The Z rods would have to be outboard of the Y axis rods, of course.
Re: Variant of Goopyplastic's Tantillus Variant
August 28, 2013 09:58PM
Dale Dunn Wrote:
-------------------------------------------------------
> What if the Z belts and rods were moved to
> opposite sides of the platform? Instead of being
> at the back edge of the platform, they could be
> 1/4 or 1/3 of the platform depth away from the
> rear. The weight of the platform should still keep
> it hanging on the same side of the rods, but the
> bending moment on the rods would be immensely
> reduced.
>
> Attempted ASCII art follows. Belts are ":", and
> rods are "*".
>
> _________
> :| |:
> *| |*
> | |
> |________|
>
> Instead of:
>
> __*:__:*__
> | |
> | |
> | |
> |________|
>
> The Z rods would have to be outboard of the Y axis
> rods, of course.
Took me a while to work out those diagrams but I get you and it's not too dissimilar than an approach I was considering. The problem with separating the belts to either side of the chassis the that I’m only using a 5mm shaft between the pulleys and at a 450mm span, I suspect it might have too much flex without further supports. Additionally, when I move things around in Rhino to see how this looks, it still looks like it would bind-up because of the lack of equilibrium of forces on eithe side of the bearings when the belt moves the bed.
I think I’ll mock it up in it's current formover the next few days and then see what it feels like. I take some hope that it might work given that the same approach has been taken with this rather overly engineered creation (IMO): Kühling&Kühling
Re: Variant of Goopyplastic's Tantillus Variant
August 28, 2013 10:38PM
guys, what extruder are you planning to use?.

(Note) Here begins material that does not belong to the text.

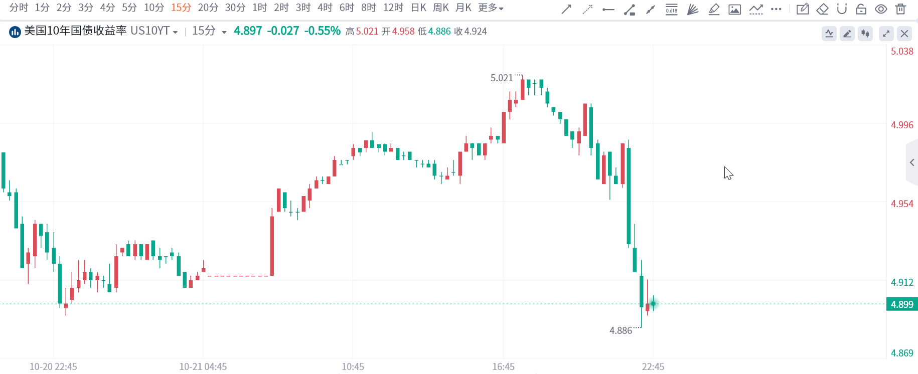 周一,受美联储将维持高利率以及政府将进一步增加债券销售以弥补不断扩大的赤字的预期推动,10年期国债收益率再次突破5%,刷新2007年以来的最高水平,但截至发稿已回落至4.9%左右。

i wanna use 3mm filament but i cant find any bowden non direct drive extruder that can be mounted on t-slot
Re: Variant of Goopyplastic's Tantillus Variant
August 29, 2013 03:51AM
nic0laz Wrote:
-------------------------------------------------------
> guys, what extruder are you planning to use?.
>
> i wanna use 3mm filament but i cant find any
> bowden non direct drive extruder that can be
> mounted on t-slot
I've repurposed a 3mm bowden version of Greg's wade geared extruder. I'll stick it up on github when I get a spare moment.
Re: Variant of Goopyplastic's Tantillus Variant
August 29, 2013 05:11AM
nic0laz Wrote:
-------------------------------------------------------
> guys, what extruder are you planning to use?.
>
> i wanna use 3mm filament but i cant find any
> bowden non direct drive extruder that can be
> mounted on t-slot

Woodsmoke did a 3mm remix of my Rostock t-slot mounted geared bowden extruder - Here


[richrap.blogspot.com]
Re: Variant of Goopyplastic's Tantillus Variant
August 29, 2013 05:53AM
richrap Wrote:
-------------------------------------------------------
> Woodsmoke did a 3mm remix of my Rostock t-slot
> mounted geared bowden extruder -







That's the one I've re-purposed. I've altered the mounts so it's correctly oriented for mounting to a horizontal piece of t-slot with the bowden fitting facing upwards

Google Drive Link:
Link

Please note, the extruder body is untested but I've not changed Rich's/Woodsmoke's design beyond altering the mounts. STLs are manifold.

Edited 3 time(s). Last edit at 08/29/2013 08:42PM by jimjimma.
Re: Variant of Goopyplastic's Tantillus Variant
August 29, 2013 07:23AM
thanks, i only need to find how to replace pheufits on those extruders.

any suggestion will be really apreciated!